▶ [INSTRUCTIONS FOR THE TASK] Copy all the lines of the listing below exactly. Skip the images.

▶ [DATASET SECTION]
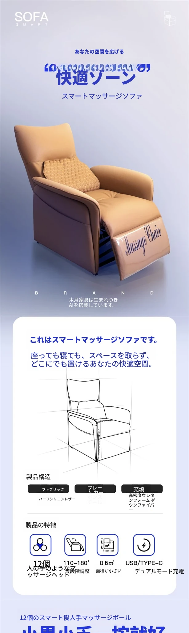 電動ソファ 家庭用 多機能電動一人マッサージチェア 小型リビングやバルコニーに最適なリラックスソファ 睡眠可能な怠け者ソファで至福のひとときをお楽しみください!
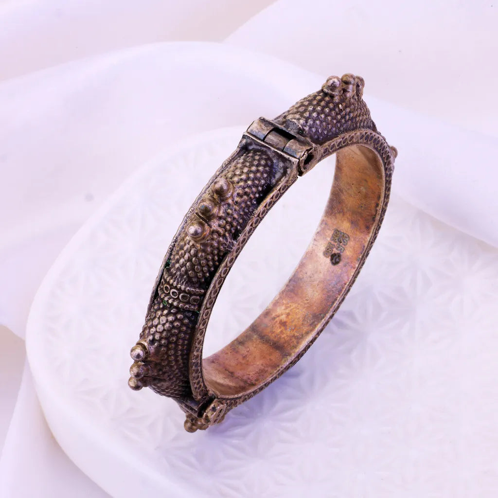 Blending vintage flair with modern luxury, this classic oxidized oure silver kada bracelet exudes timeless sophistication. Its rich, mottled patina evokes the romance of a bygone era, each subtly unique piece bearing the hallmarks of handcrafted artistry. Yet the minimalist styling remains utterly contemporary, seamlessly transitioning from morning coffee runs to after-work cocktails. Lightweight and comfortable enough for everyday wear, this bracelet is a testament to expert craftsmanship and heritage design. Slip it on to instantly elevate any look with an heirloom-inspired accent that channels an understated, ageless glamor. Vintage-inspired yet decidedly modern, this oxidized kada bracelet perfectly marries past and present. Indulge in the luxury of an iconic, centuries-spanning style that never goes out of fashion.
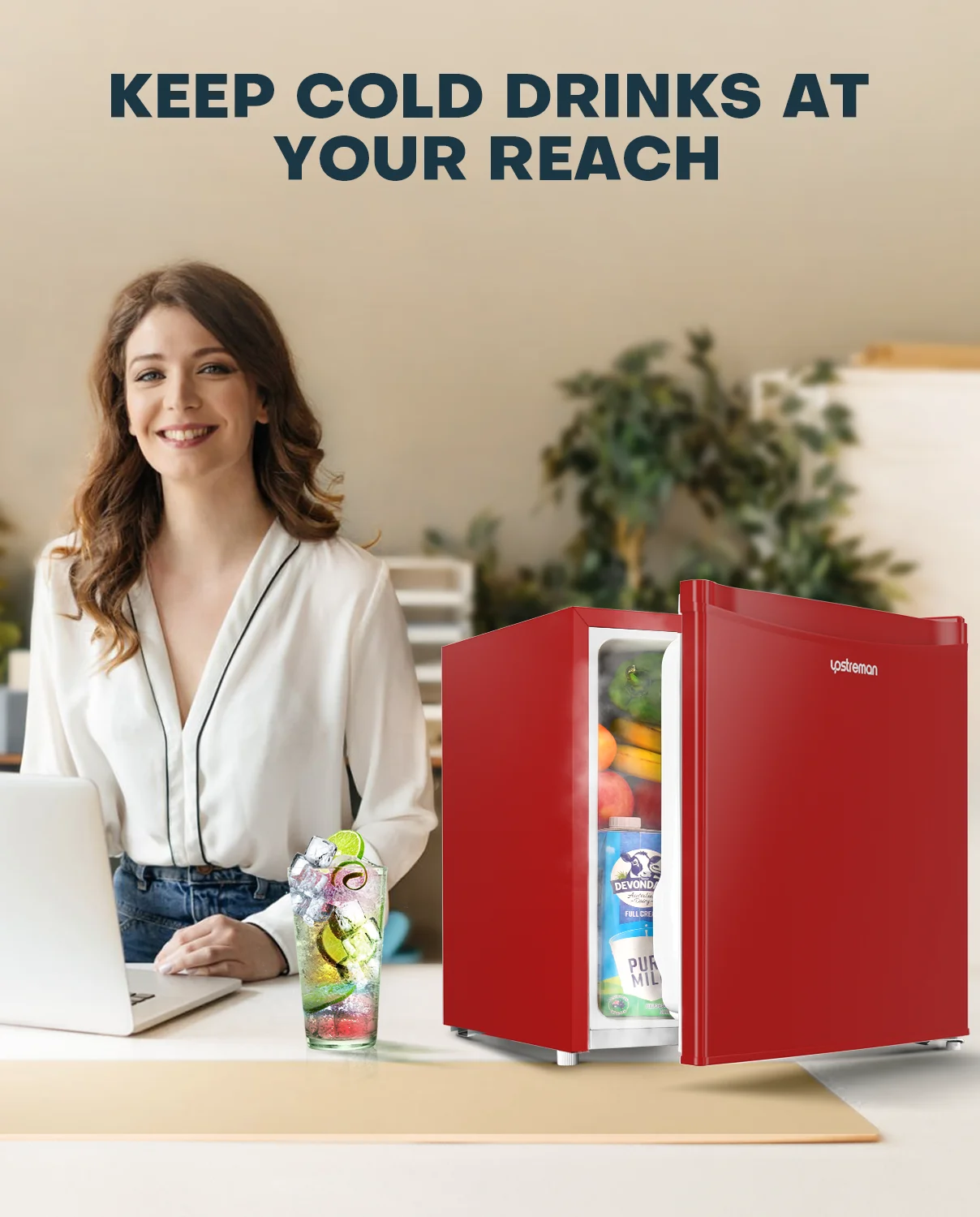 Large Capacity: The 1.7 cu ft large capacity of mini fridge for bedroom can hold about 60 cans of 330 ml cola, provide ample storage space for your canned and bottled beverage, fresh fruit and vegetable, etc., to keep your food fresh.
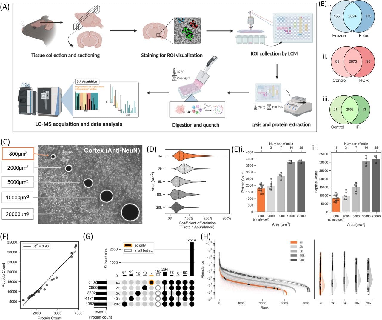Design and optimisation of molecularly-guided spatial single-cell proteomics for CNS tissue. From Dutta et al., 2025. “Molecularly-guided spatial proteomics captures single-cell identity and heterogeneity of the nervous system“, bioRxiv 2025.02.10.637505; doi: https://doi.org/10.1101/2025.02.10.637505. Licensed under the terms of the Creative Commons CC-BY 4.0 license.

▶ [SOLUTION BELOW]
 電動ソファ 家庭用 多機能電動一人マッサージチェア 小型リビングやバルコニーに最適なリラックスソファ 睡眠可能な怠け者ソファで至福のひとときをお楽しみください!
 Blending vintage flair with modern luxury, this classic oxidized oure silver kada bracelet exudes timeless sophistication. Its rich, mottled patina evokes the romance of a bygone era, each subtly unique piece bearing the hallmarks of handcrafted artistry. Yet the minimalist styling remains utterly contemporary, seamlessly transitioning from morning coffee runs to after-work cocktails. Lightweight and comfortable enough for everyday wear, this bracelet is a testament to expert craftsmanship and heritage design. Slip it on to instantly elevate any look with an heirloom-inspired accent that channels an understated, ageless glamor. Vintage-inspired yet decidedly modern, this oxidized kada bracelet perfectly marries past and present. Indulge in the luxury of an iconic, centuries-spanning style that never goes out of fashion.
 Large Capacity: The 1.7 cu ft large capacity of mini fridge for bedroom can hold about 60 cans of 330 ml cola, provide ample storage space for your canned and bottled beverage, fresh fruit and vegetable, etc., to keep your food fresh.
Design and optimisation of molecularly-guided spatial single-cell proteomics for CNS tissue. From Dutta et al., 2025. “Molecularly-guided spatial proteomics captures single-cell identity and heterogeneity of the nervous system“, bioRxiv 2025.02.10.637505; doi: https://doi.org/10.1101/2025.02.10.637505. Licensed under the terms of the Creative Commons CC-BY 4.0 license.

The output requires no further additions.